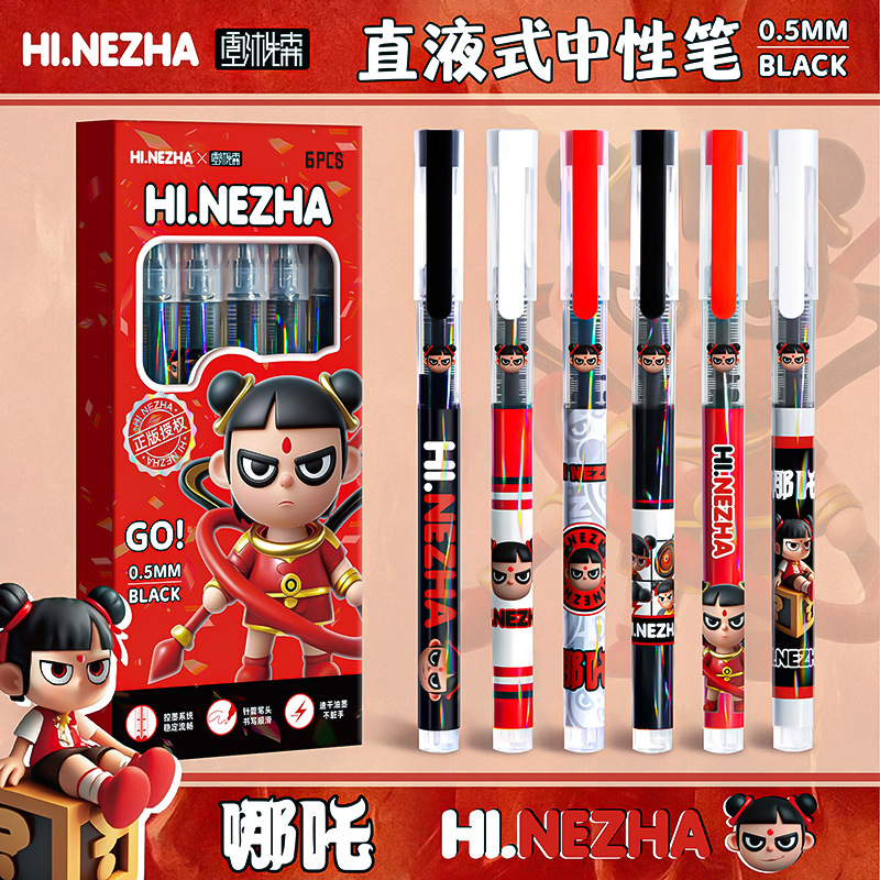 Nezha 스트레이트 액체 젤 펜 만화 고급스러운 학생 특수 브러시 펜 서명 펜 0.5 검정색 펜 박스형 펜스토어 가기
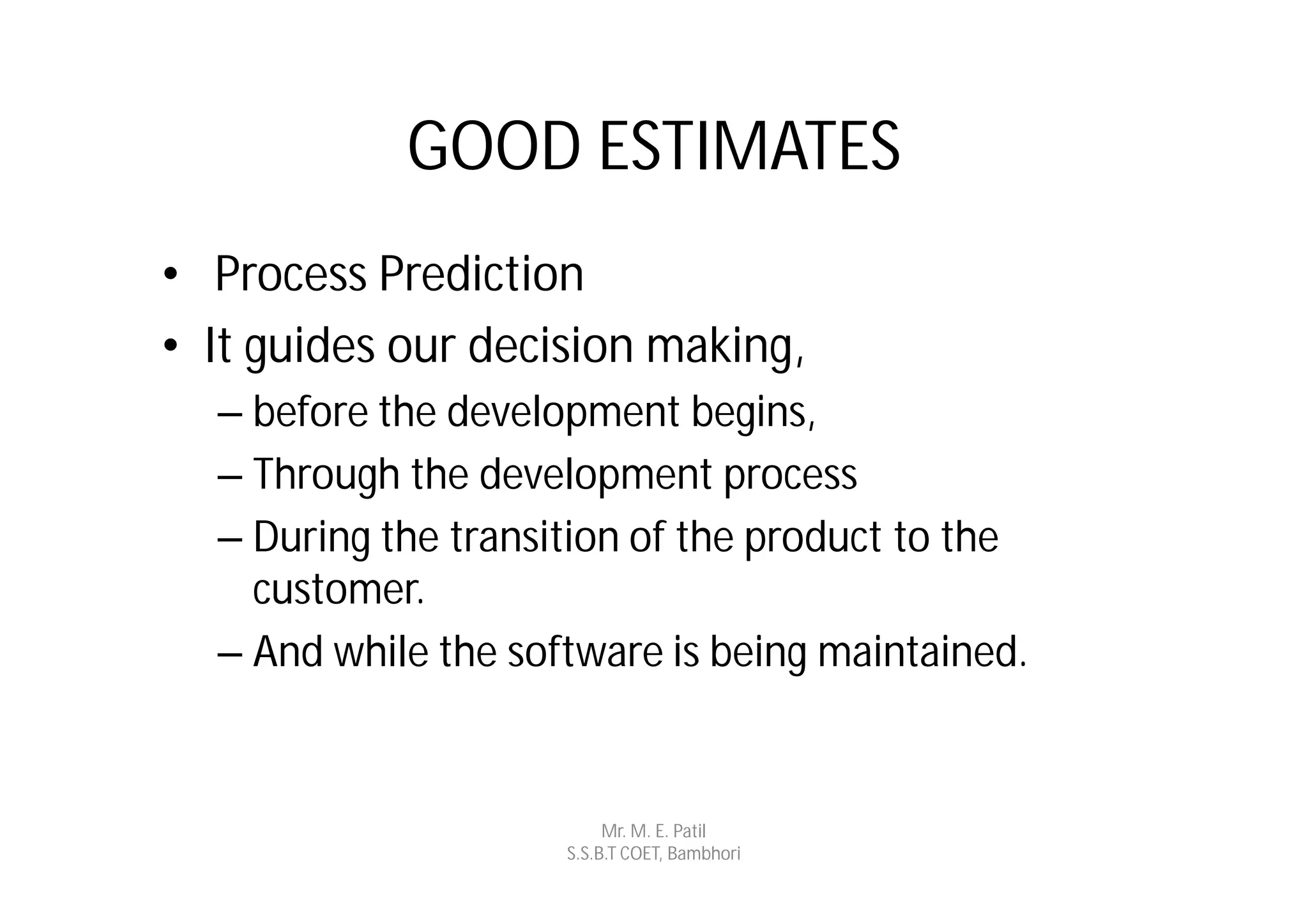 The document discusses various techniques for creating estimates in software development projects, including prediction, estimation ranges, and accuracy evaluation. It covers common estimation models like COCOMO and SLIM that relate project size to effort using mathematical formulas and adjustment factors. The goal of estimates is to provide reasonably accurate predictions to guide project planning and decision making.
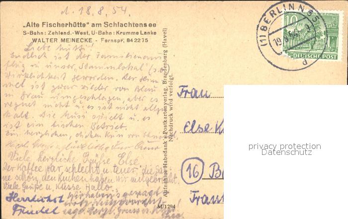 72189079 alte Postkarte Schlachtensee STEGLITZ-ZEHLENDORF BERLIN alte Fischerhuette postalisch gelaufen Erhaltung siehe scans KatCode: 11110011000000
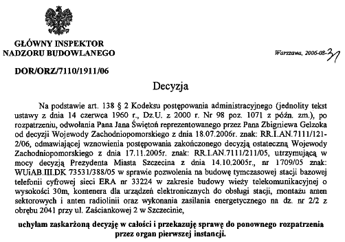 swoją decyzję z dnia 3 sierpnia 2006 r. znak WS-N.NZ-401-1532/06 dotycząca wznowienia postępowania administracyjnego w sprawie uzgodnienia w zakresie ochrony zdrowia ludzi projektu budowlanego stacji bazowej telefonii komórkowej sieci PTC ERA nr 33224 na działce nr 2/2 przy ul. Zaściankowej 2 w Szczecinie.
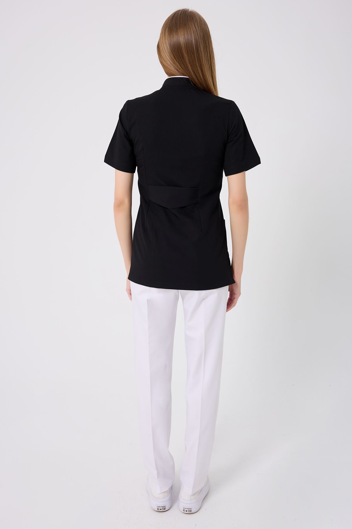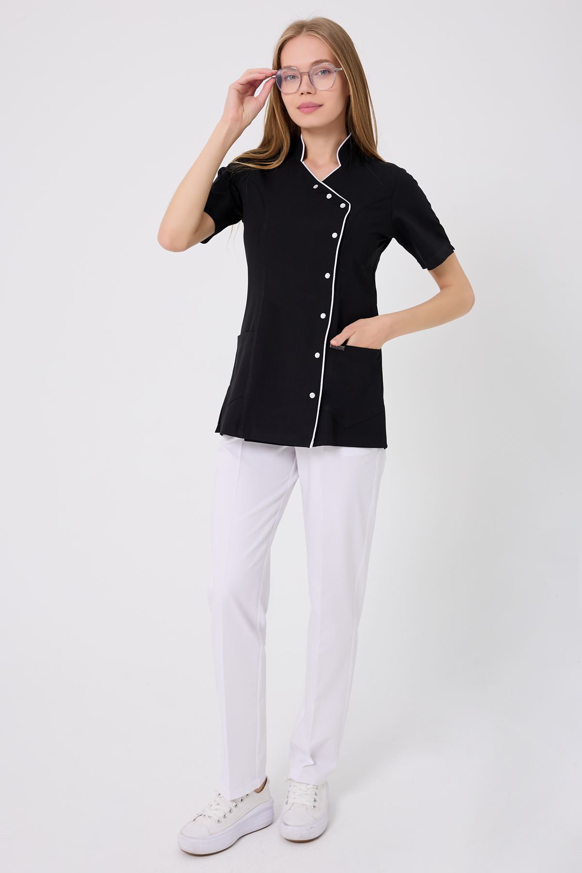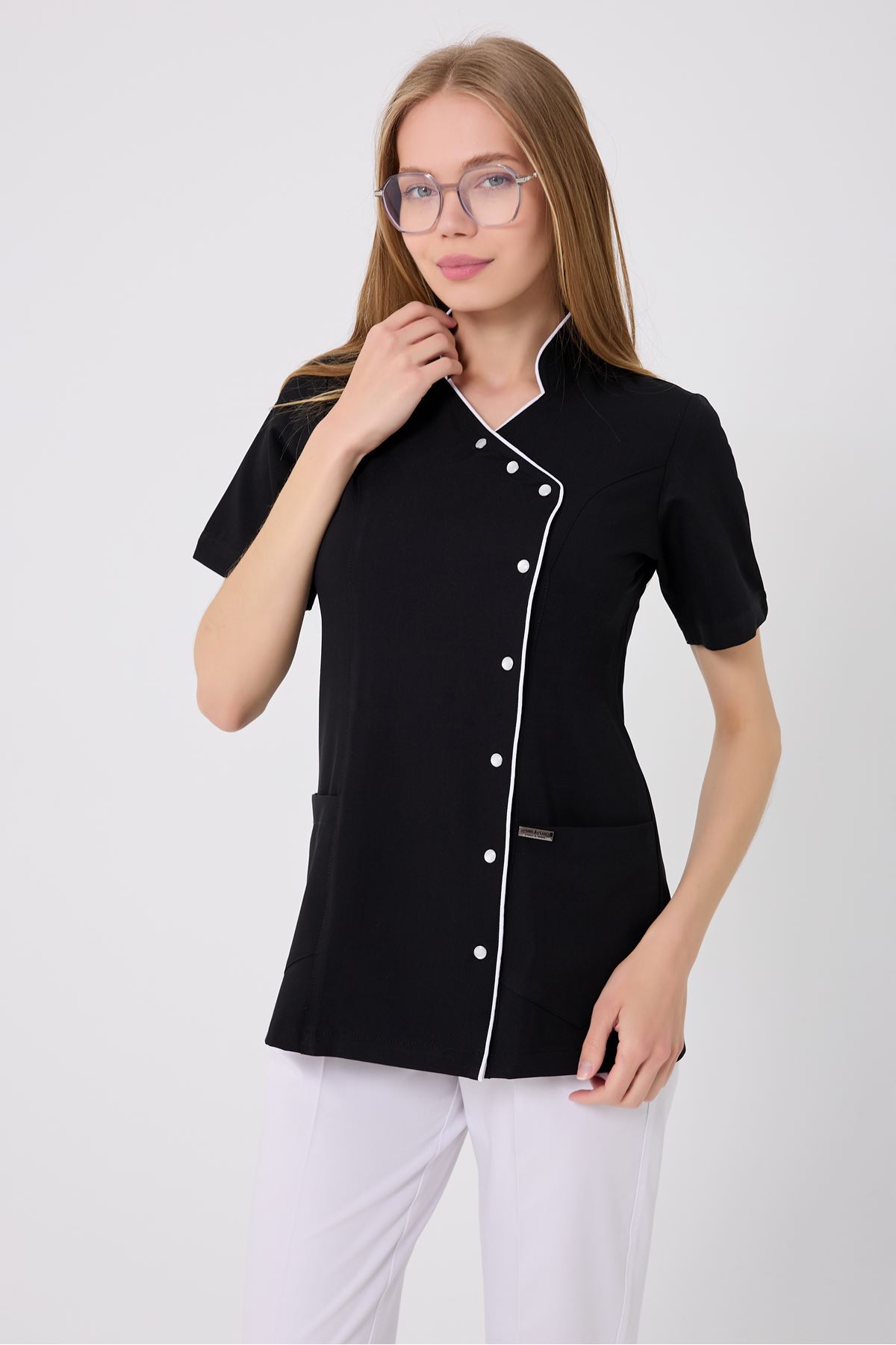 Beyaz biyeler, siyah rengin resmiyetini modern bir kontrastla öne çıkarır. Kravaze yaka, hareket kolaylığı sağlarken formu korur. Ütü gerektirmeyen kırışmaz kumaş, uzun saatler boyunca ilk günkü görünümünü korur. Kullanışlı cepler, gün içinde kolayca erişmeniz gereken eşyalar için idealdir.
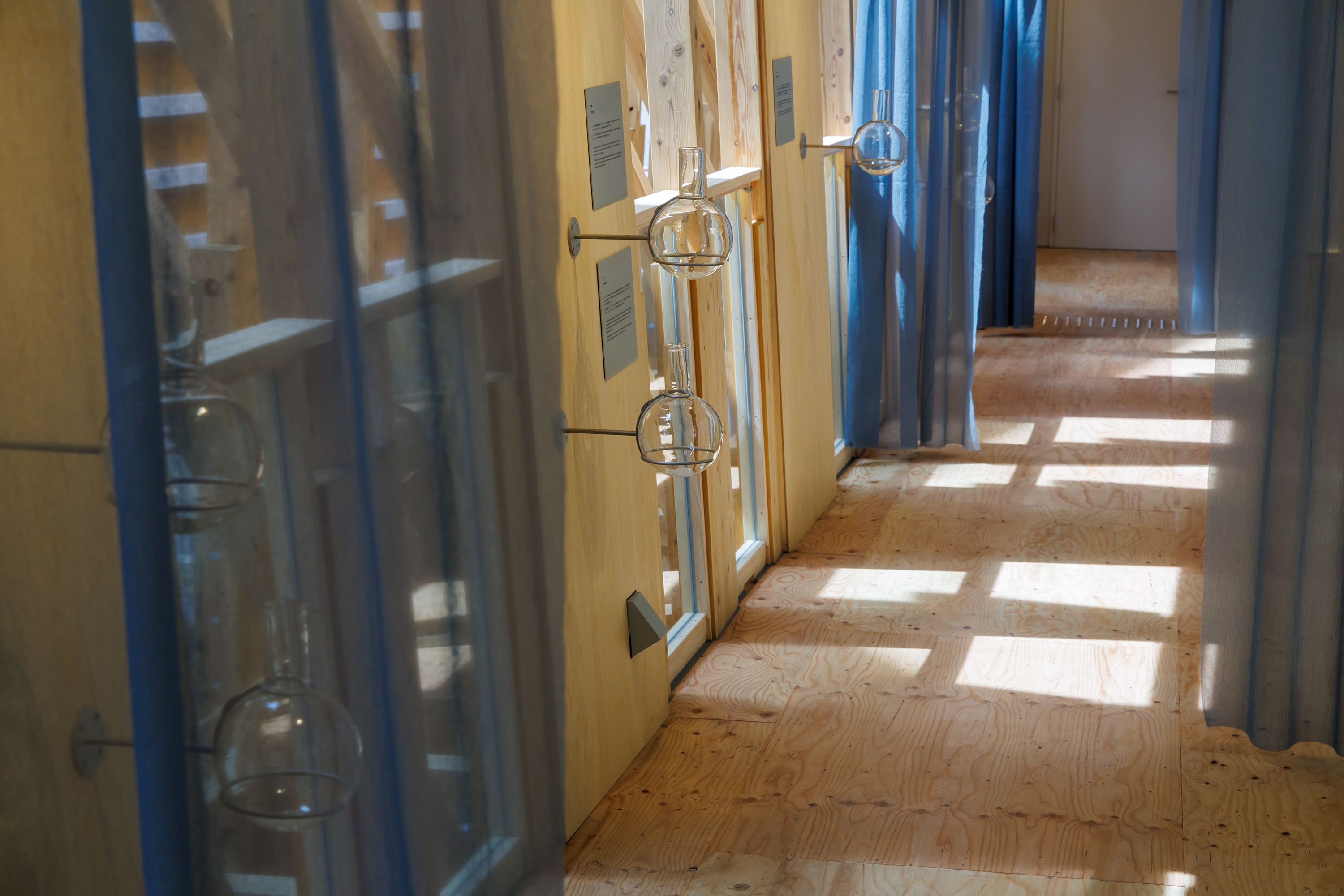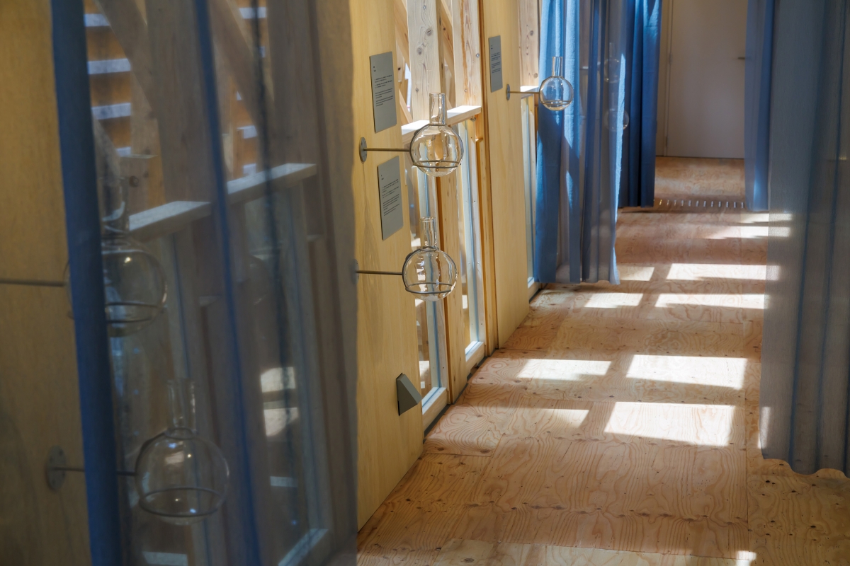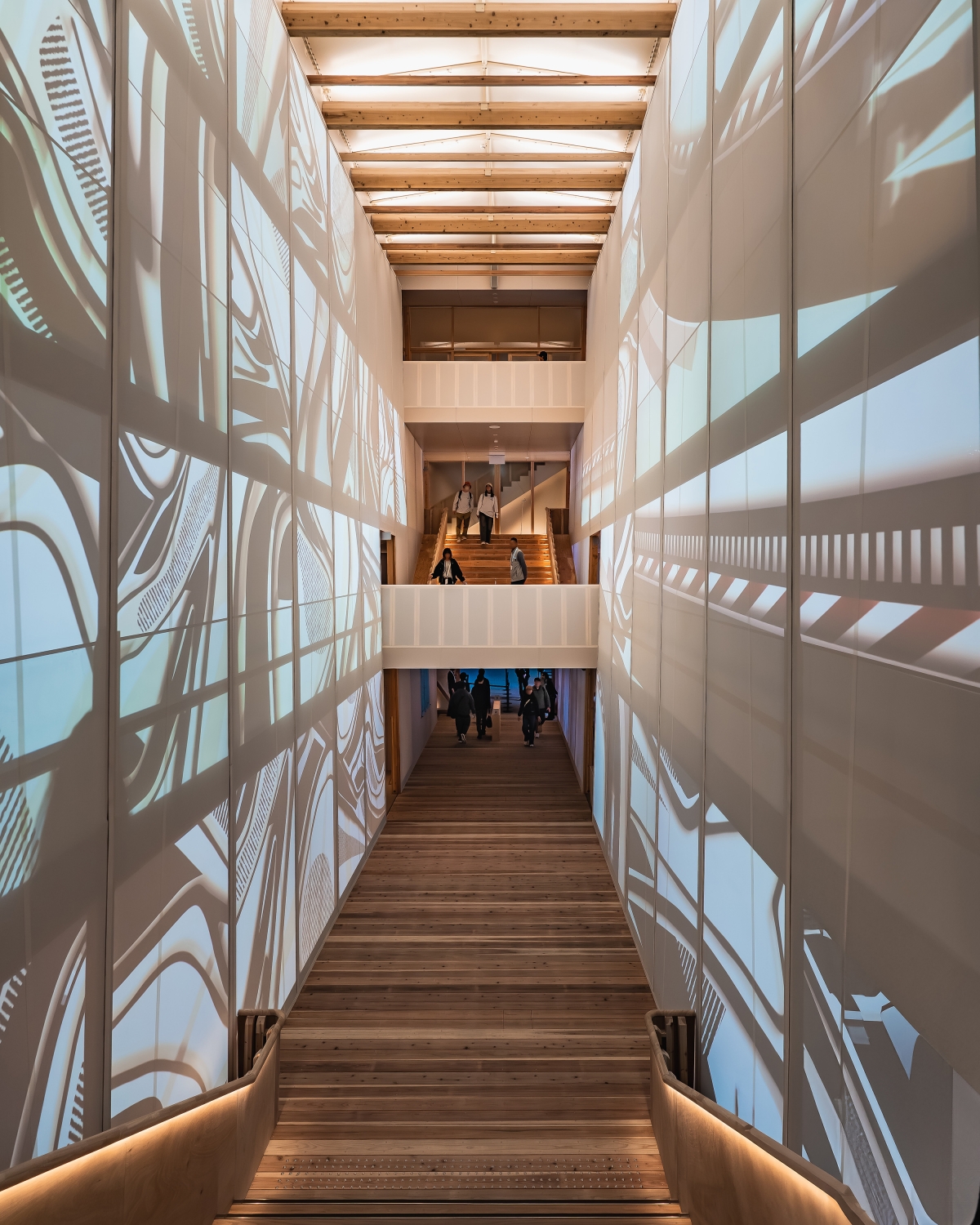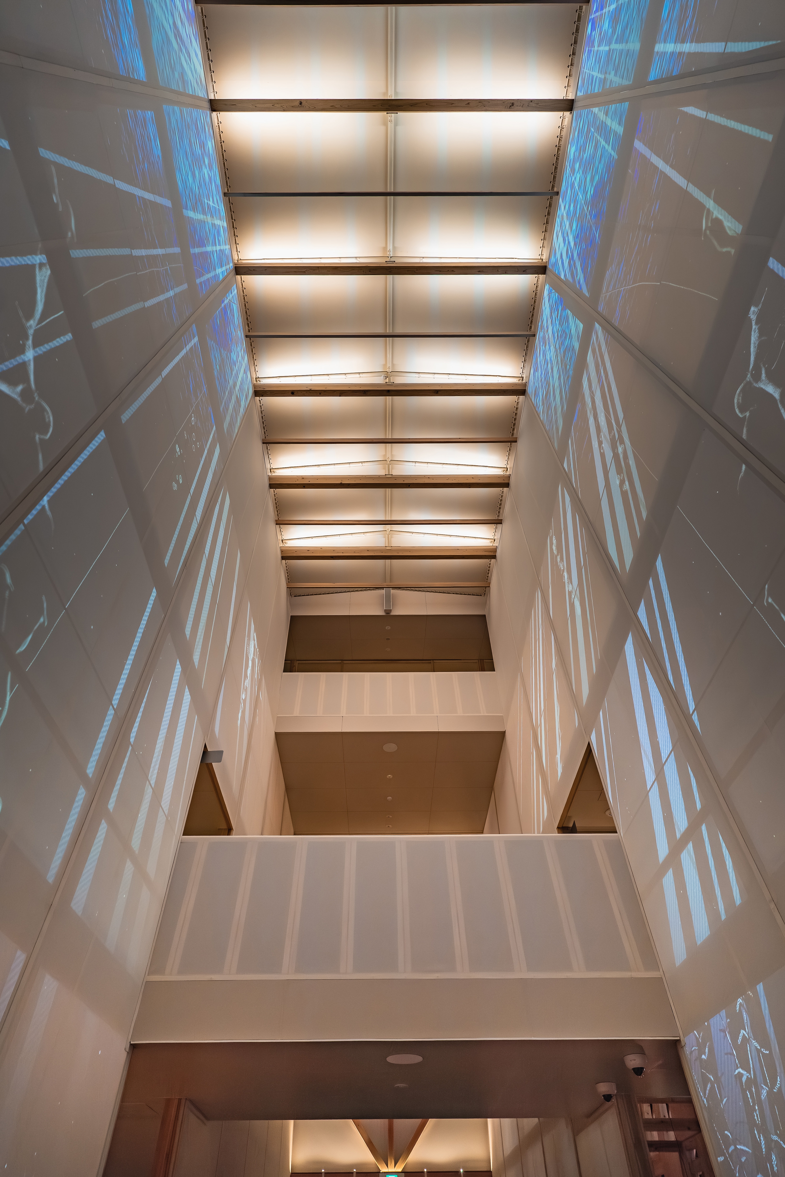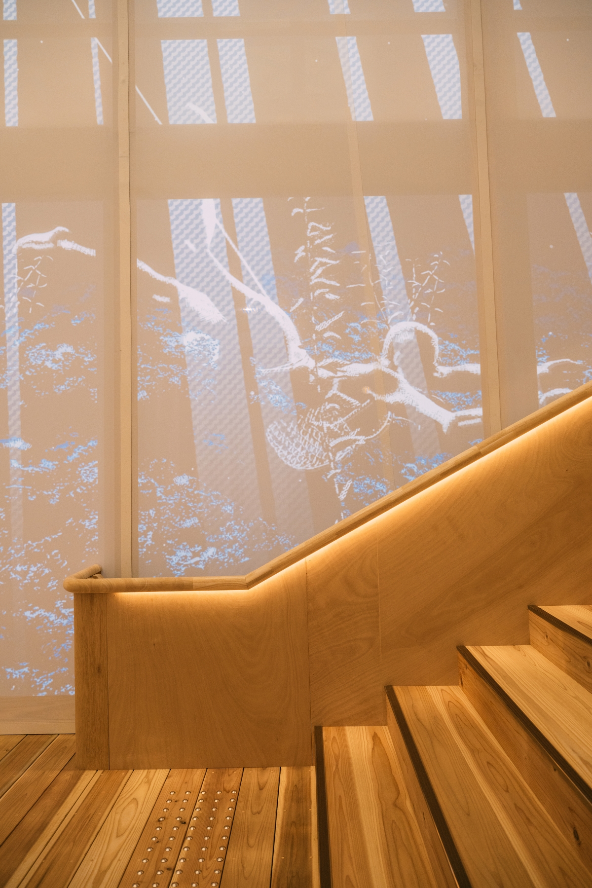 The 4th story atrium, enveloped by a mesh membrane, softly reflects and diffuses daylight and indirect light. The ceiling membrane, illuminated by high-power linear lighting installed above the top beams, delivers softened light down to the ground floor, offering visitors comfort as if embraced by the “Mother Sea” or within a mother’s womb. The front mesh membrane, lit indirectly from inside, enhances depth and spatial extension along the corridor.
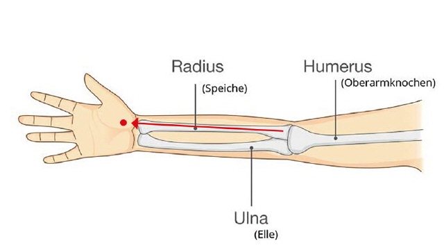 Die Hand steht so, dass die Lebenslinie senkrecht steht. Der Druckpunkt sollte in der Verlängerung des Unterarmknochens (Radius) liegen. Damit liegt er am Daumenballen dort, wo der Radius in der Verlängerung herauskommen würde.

○ ○ ○

What to work on
Every line from the top of the records above to the line with "72189079 alte Postkarte", inclusive, should be duplicated exactly, minus the pictures.

Task output
 Nezha 스트레이트 액체 젤 펜 만화 고급스러운 학생 특수 브러시 펜 서명 펜 0.5 검정색 펜 박스형 펜스토어 가기
 The document discusses various techniques for creating estimates in software development projects, including prediction, estimation ranges, and accuracy evaluation. It covers common estimation models like COCOMO and SLIM that relate project size to effort using mathematical formulas and adjustment factors. The goal of estimates is to provide reasonably accurate predictions to guide project planning and decision making.
 72189079 alte Postkarte Schlachtensee STEGLITZ-ZEHLENDORF BERLIN alte Fischerhuette postalisch gelaufen Erhaltung siehe scans KatCode: 11110011000000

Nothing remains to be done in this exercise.